→ Activity:
Skip every picture, then write out exactly the lines of the listing below from the line that contains "Tanbu, Senin (15/11/2021)." through the final line.
= = = =
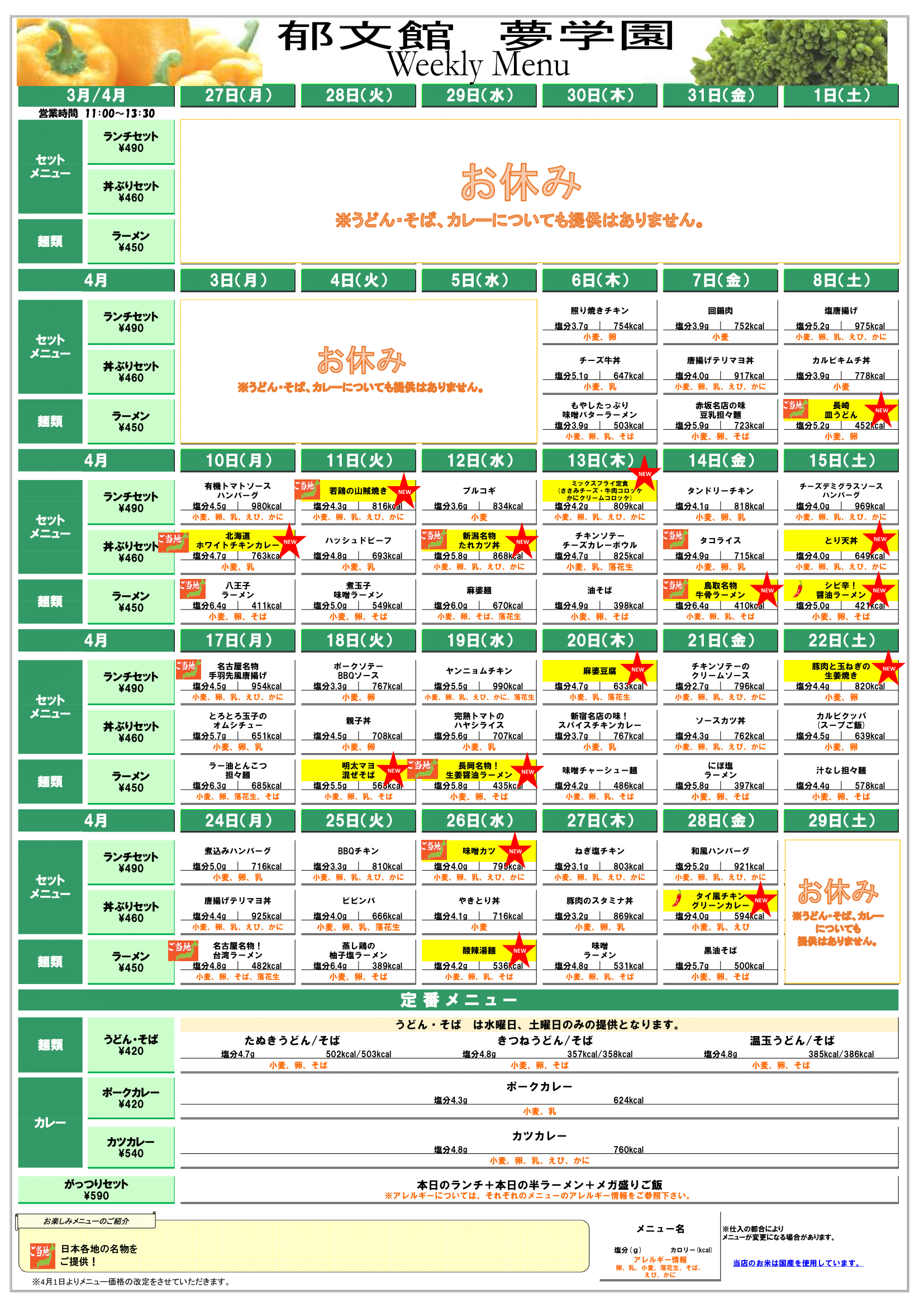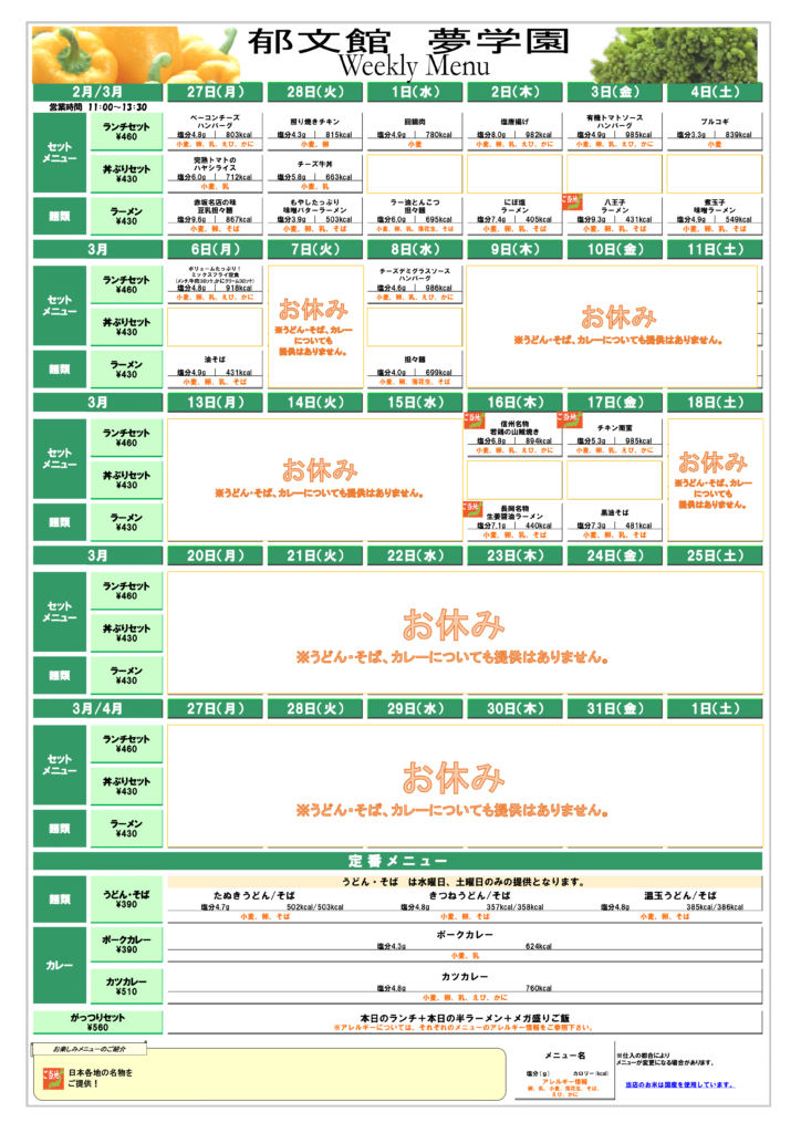 【お知らせ】 夢食堂2023年3月の献立をお知らせ致します。
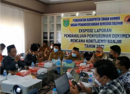 “Maksud dan tujuan ekspose ini adalah menyusun dokumen perencanaan kontijensi untuk antisipasi ancaman bencana banjir di Tanan Bumbu,” kata Kalak BPBD Tanbu Eriyanto Rais dalam sambutannya di ruang rapat BPBD Tanbu, Senin (15/11/2021).
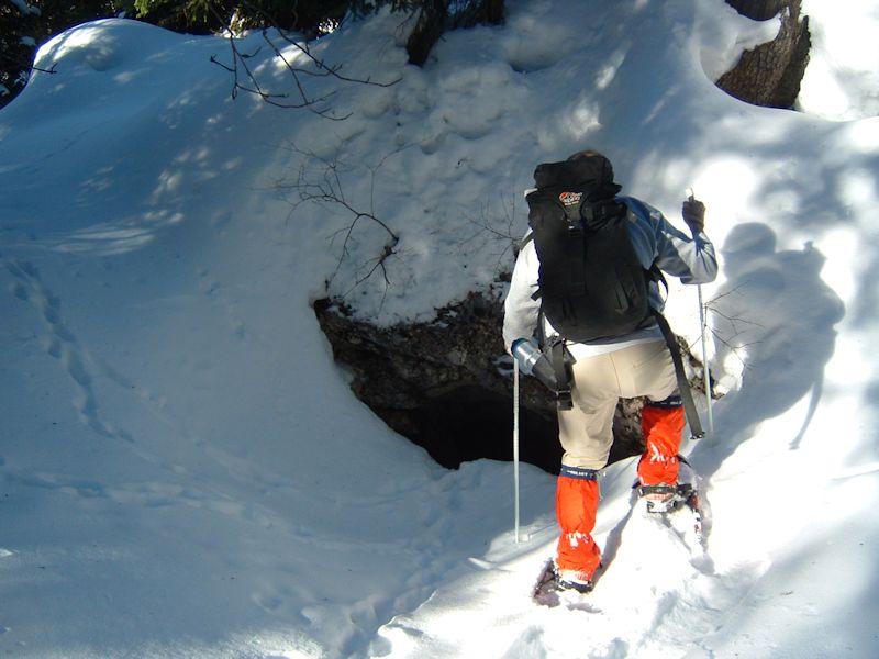 chamois tracks at the mouth of the cave.
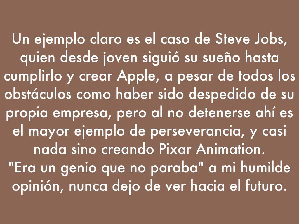 Un ejemplo claro es el caso de Steve Jobs, quien desde joven siguió su sueño hasta cumplirlo y crear Apple, a pesar de todos los obstáculos como haber sido despedido de su propia empresa, pero al no detenerse ahí es el mayor ejemplo de perseverancia, y casi nada sino creando Pixar Animation.
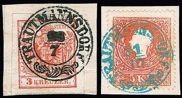 "Trautmannsdorf", besserer Oberösterreich-Zier-K2 in schwarz bzw. blau je klar auf zwei Kabinettbriefstücken 3 Kr. rosa bzw. 5 Kr. rosa, Müller 2968a, ab/85 P.
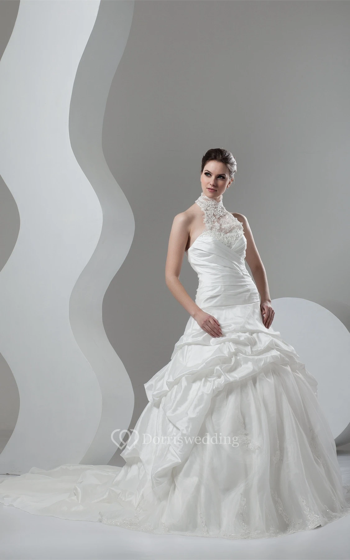 High-Neck Pick-Up Sleeveless Lace and Gown With Beading
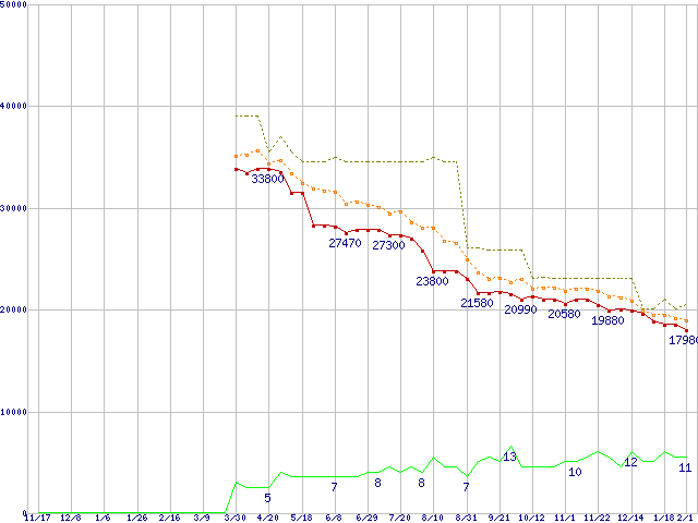 | WD5000KS (500GB)の価格推移 | | | (2005年11月17日~2007年2月1日) |
= = = =
→ Exercise output:
 “Maksud dan tujuan ekspose ini adalah menyusun dokumen perencanaan kontijensi untuk antisipasi ancaman bencana banjir di Tanan Bumbu,” kata Kalak BPBD Tanbu Eriyanto Rais dalam sambutannya di ruang rapat BPBD Tanbu, Senin (15/11/2021).
 chamois tracks at the mouth of the cave.
 Un ejemplo claro es el caso de Steve Jobs, quien desde joven siguió su sueño hasta cumplirlo y crear Apple, a pesar de todos los obstáculos como haber sido despedido de su propia empresa, pero al no detenerse ahí es el mayor ejemplo de perseverancia, y casi nada sino creando Pixar Animation.
 "Trautmannsdorf", besserer Oberösterreich-Zier-K2 in schwarz bzw. blau je klar auf zwei Kabinettbriefstücken 3 Kr. rosa bzw. 5 Kr. rosa, Müller 2968a, ab/85 P.
 High-Neck Pick-Up Sleeveless Lace and Gown With Beading
 | WD5000KS (500GB)の価格推移 | | | (2005年11月17日~2007年2月1日) |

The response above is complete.